The EmotioNet Challenge Track 1 data set [116] is used to compare methods. From the original data set, with over one million images, 450,000 images were randomly selected for training and 40,000 images were randomly selected for validation. The images in this data set contain 11 possible FAUs. Since an image can be positive for more than one FAU, the authors treated the classification problem as a set of 11 binary problems. Several FAUs are present in less than 1% of the data set, e.g. nose wrinkler, chin raiser, and upper lid raiser. The lip stretcher FAU is only present in 0.01% of the data, creating a max imbalance ratio to $\rho = 10,000$. Six deep CNN architectures are compared, all of which include $3\times 3$ convolution filter layers and are trained for 100 epochs:

(A)

Handcraft: 6-layer CNN

(B)

Plain34: 34-layer CNN

(C)

Res10: 10-layer ResNet CNN

(D)

Res18: 18-layer ResNet CNN

(E)

Res34: 34-layer ResNet CNN

(F)

Res50: 50-layer ResNet CNN.

F1-scores from the first experiment are presented in Table 12. The shallow network (A) was unable to capture classes containing high imbalance, e.g. AU2–AU5, during the 100 training epochs. The non-residual 34-layer CNN (B) saw a large boost in performance compared to the shallow network (A), with average F1-score increasing from 0.29 to 0.48. It can also be observed that the 10-layer ResNet (C) achieved an equal F1-score of 0.48. The FAU with the largest imbalance, i.e. lip stretcher (AU20), received an F1-score of 0.0 in all experiments. There is no noticeable difference in F1-scores between the networks with 10 layers or more (B–F). The 34-layer ResNet (E) won first place at the first track EmotioNet Challenge in 2017 [116].

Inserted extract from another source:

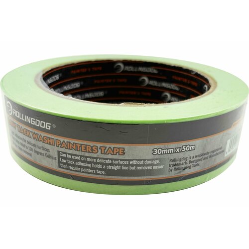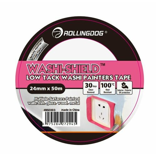 Малярная лента ROLLINGDOG Low Tack Washi, малярный скотч 24 мм. х 50 м, для деликатных поверхностей

Table 12 Comparing very-deep CNNs on FAU recognition (F1-score) [92]Full size table

In a second experiment, Ding et al. compare the convergence rate of a very-deep 18-layer CNN to a shallower 6-layer CNN across 100 epochs. The experiment shows that the very-deep 18-layer CNN converges faster than the shallower network, as the error decreases at a faster rate. The authors suggest that the shallower network will continue to converge, provided additional epochs.

The experiments by Ding et al. show that additional hidden layers can increase the convergence rate on facial action recognition. Training very-deep neural networks comes at a cost, however, as it increases the total number of matrix operations and the memory footprint. Additional experiments are required to determine if this increased convergence rate is observed with alternative deep learning architectures and data sets. With the convergence rate in question, other methods that have been shown to impact convergence rates should be included in future studies, e.g. alternative optimization methods, dynamic learning rates, and weight initialization.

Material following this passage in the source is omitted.